I am reminded of Jean Baudrillard, writing about the log fires on sale at Esso gas stations. He claimed that ‘What is consumed here is the simultaneous, combined, collusive enjoyment of the automobile and the defunct prestige of everything whose death-knell the automobile sounded – the latter now resuscitated by the automobile!’ If we substitute the fashion striker’s uniform for the log fire and the fashion system for the automobile, the analogy holds. In this same essay, Baudrillard also declaims historical re-enactments with their meticulous attention to the verisimilitude of the re-enactors’ attire, for the same reasons. Sure, Baudrillard’s a notoriously grumpy guy when it comes to faith in signifiers, but it seems that he has a point here. It’s telling that the grey sweatsuit manifesto promises socials in participating cities, including parties, parades, bike rides, nature walks and re-enactments for the so-called revolutionaries. How have we reached a point where wearing nothing or a sheet or some kind of ironic suburban sackcloth can pass as a serious subversive gesture? Unless, of course, fashion has truly taken over everything and no escape is possible, only collusion, in whatever form.

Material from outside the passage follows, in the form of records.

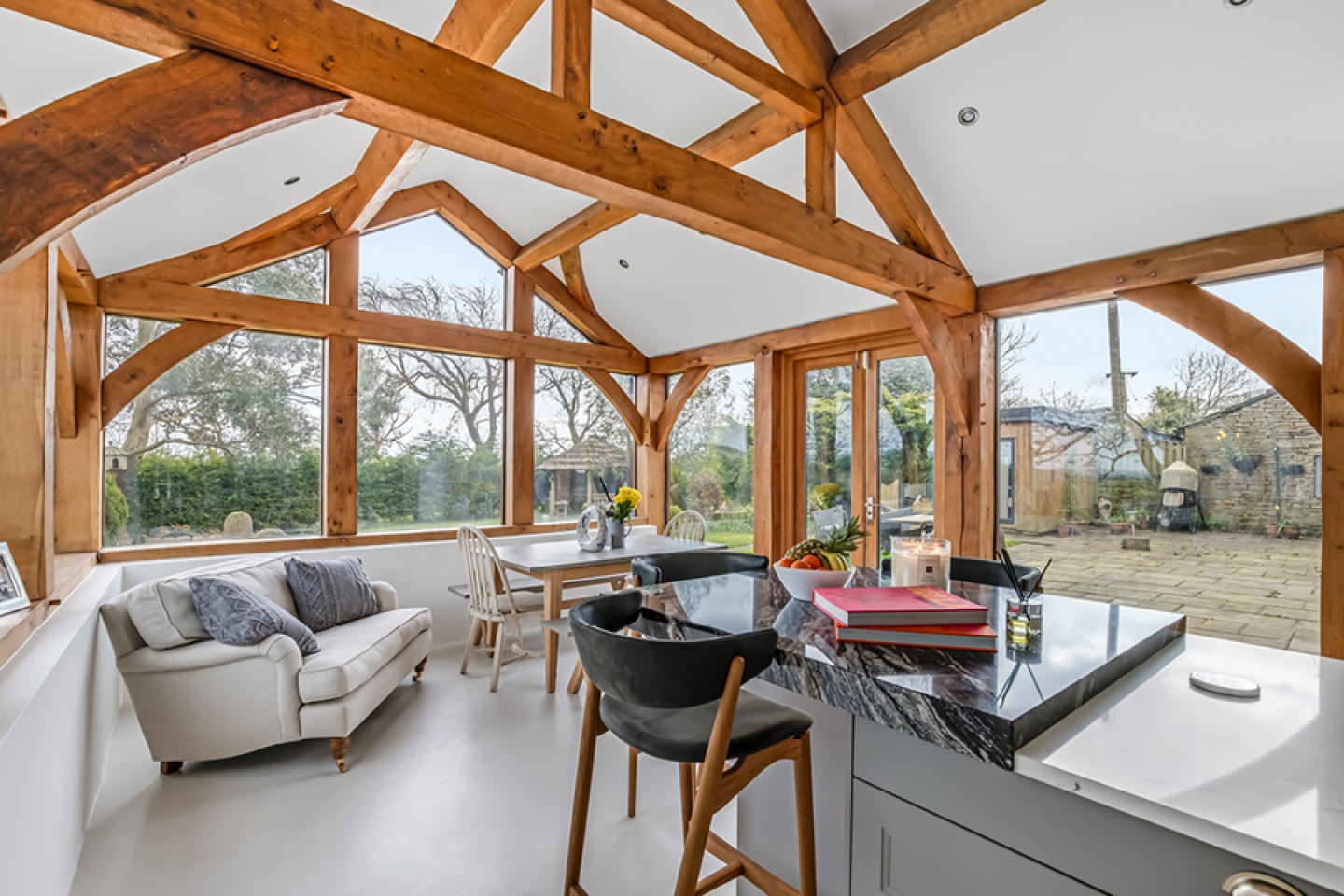 One of the most impressive features of Lane House is the kitchen and dining area, located in an oak extension of the original house. The extension boasts generous windows and an abundance of natural light, allowing uninterrupted views over the surrounding countryside. The kitchen is new, installed at the end of last year; soft grey panelling and a trendy quartz kitchen island and breakfast bar give a modern yet timeless feel. It houses a range of useful amenities, such as a warming drawer and four ring induction hob and even includes a Teppenyaki hotplate grill built into the kitchen island. Double doors lead seamlessly out into the garden, allowing for al fresco dining.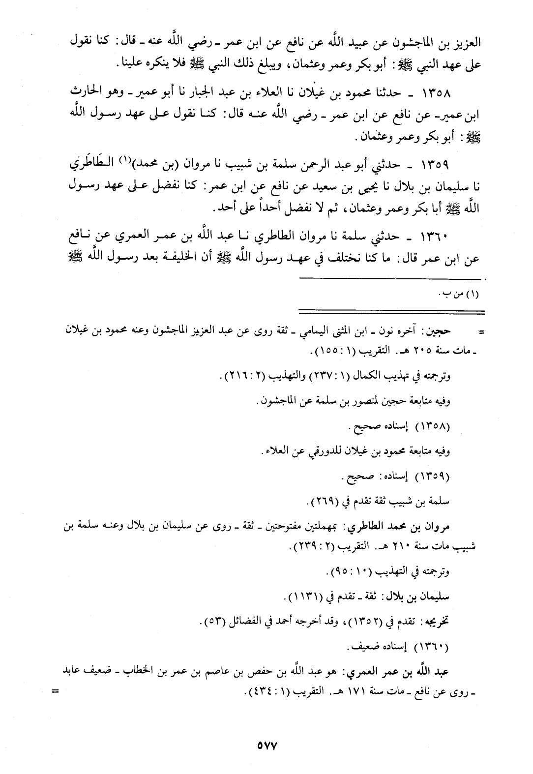 1359 - حَدَّثَنِي أَبُو عَبْدِ الرَّحْمَنِ سَلَمَةُ بْنُ شَبِيبٍ، نا مَرْوَانُ بْنُ مُحَمَّدٍ الطَّاطَرِيُّ، نا سُلَيْمَانُ بْنُ بِلَالٍ، نا يَحْيَى بْنُ سَعِيدٍ، عَنْ نَافِعٍ، عَنِ ابْنِ عُمَرَ «كُنَّا §نُفَضِّلُ عَلَى عَهْدِ رَسُولِ اللَّهِ صَلَّى اللهُ عَلَيْهِ وَسَلَّمَ أَبَا بَكْرٍ وَعُمَرَ وَعُثْمَانَ ثُمَّ لَا نُفَضِّلُ أَحَدًا عَلَى أَحَدٍ»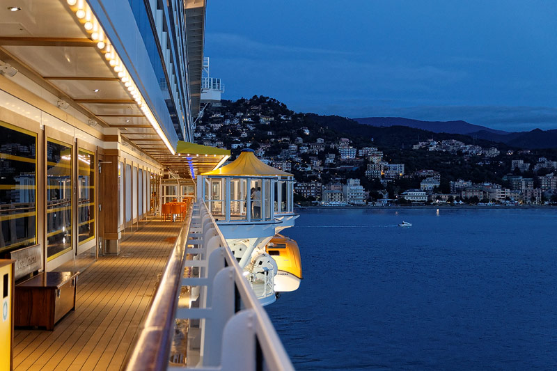 Die umlaufende Promenade der Costa Diadema unter freiem Himmel auf Deck 5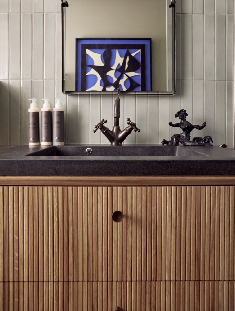 På badeværelset er gæsterne omgivet af håndmalede fliser, der lyser rummet op i en beroligende, grøn tone, som danner en elegant kontrast til det snedkererede badeværelsesmøbel, lampeklassikere og Christiansborg-armaturet, der pryder både håndvasken og bruseren på badeværelset i en bruneret overflade.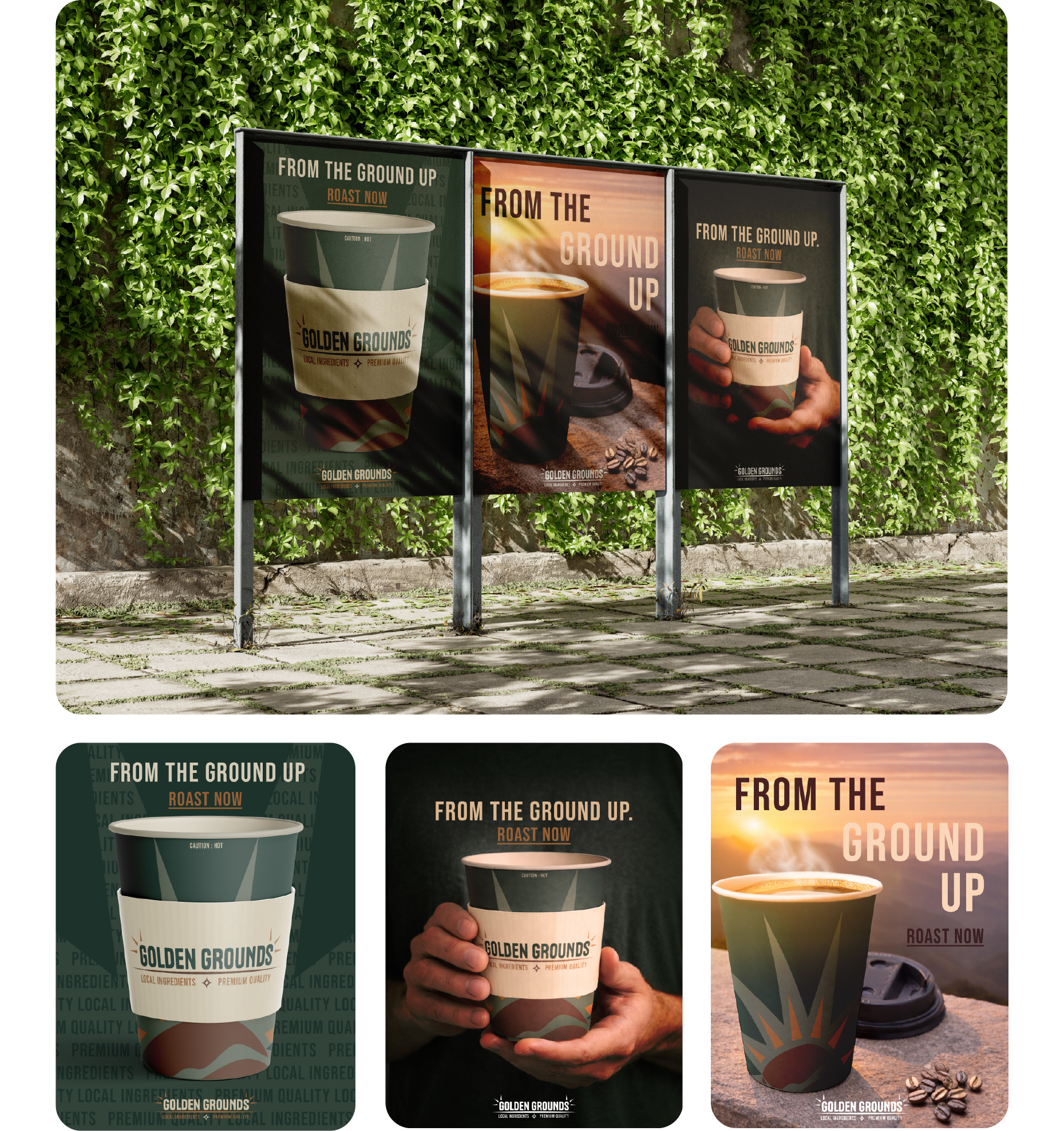 Mockup advertisements for a local, organic, and nature-based coffee company located in Denver Colorado named Golden Grounds. Designed Adobe Photoshop and also used for the mockups.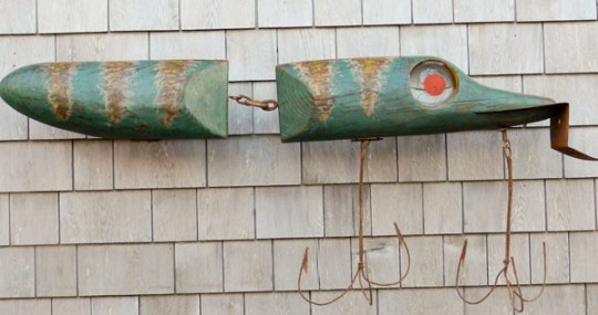 Folk Art Carved and Painted Reticulated Ice Fishing Lure Trade Sign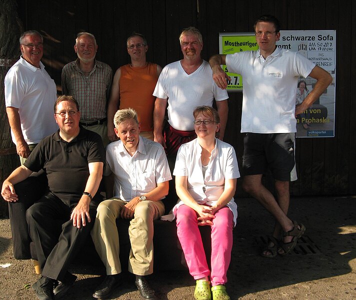 Beim Mostheurigen Scheibenreif in Flatz trat am 20. Juli der neue Ortsbauernrat erstmals öffentlich auf und nahm auch gleich am schwarzen Sofa Platz. Vorne sitzend: Ortspfarrer Dechant Ringel, er gab seinen geistlichen Segen, LAbg. Hermann Hauer, Schriftführerin Brigitte Ulreich. Stehend von links: GR Karl Pölzelbauer, GR a.D. Anton Scheibenreif, Ortsbauernratsobm. Stv. Anton Scheibenreif, Obm. Stv. Horst Ulreich und Ortsbauernratsobmann Lorenz Scheibenreif.

If that’s the case, the most rebellious protest against the fashion system may just be to wear the same old stuff that’s kicking around in your closet. Find what you absolutely adore and replace it when it falls apart. You want new meanings? You want your clothes to tell the world how plugged in and original you really are? Go out and live. Supply new contexts. Or just wait for time to pass, and history will do it for you.